Sorry - by not addressing this issue earlier with him I feel I was giving him permission to drink and colluding with him. The final straw was when he fell through the front door, drunk, with wet trousers and having gouged a lump out of his arm when he fell on the drive.

Humbertbear Tue 21-May-19 10:01:38

It took me several years to finally realise and admit that my husband had an alcohol proble. It really affected his behaviour and personality and I honestly wished I had addressed it years ago. Anyway, after 50 years of marriage I told him (when he was sober) that it was alcohol or me. This may sound harsh but I decided the time had come to look after myself. He went to the doctor, was referred to a support group and is now sober and helping to run the group. They say that an alcoholic has to reach rock bottom before they seek help (and I know from a family member how low that can be). In this case, I had reached rock bottom and he knows that further drinking will be the end of our marriage.

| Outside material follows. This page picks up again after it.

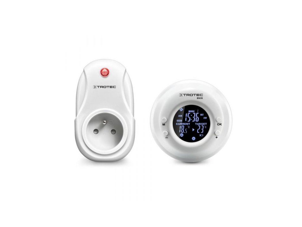 Sada BN35 sa skladá z bezdrôtovej zásuvky a bezdrôtového termostatu. Jednoducho zapojte bezdrôtovú zásuvku do zásuvky v stene a pripojte svoje elektrické zariadenie k zásuvke v bezdrôtovej zástrčke. Pomocou bezdrôtového termostatu môžete teraz vzdialene nastaviť požadovanú teplotu zapnutia alebo vypnutia. Bezdrôtový termostat meria teplotu v miestnosti na aktuálnom mieste a podľa toho zapína alebo vypína kúrenie alebo klimatizáciu, aby dosiahol požadovanú hodnotu teploty v miestnosti. Hneď ako sa dosiahne nastavená teplota v miestnosti, bezdrôtový termostat vypne pripojené elektrické zariadenie, až kým nebude potrebné znovu zohriať alebo ochladiť.

Eglantine21 Tue 21-May-19 09:21:02

I’m afraid Dilly that alcoholics seek friendship groups that will make their drinking appear normal.

Tweedle24 Tue 21-May-19 09:10:23

My daughter, a recovering alcoholic, has taught me a lot about alcoholism, not least that it is possible to be a ‘functioning alcoholic’.
Is there an Alanon group near you!? There you would learn about alcoholism and get support with living with someone with an alcohol problem.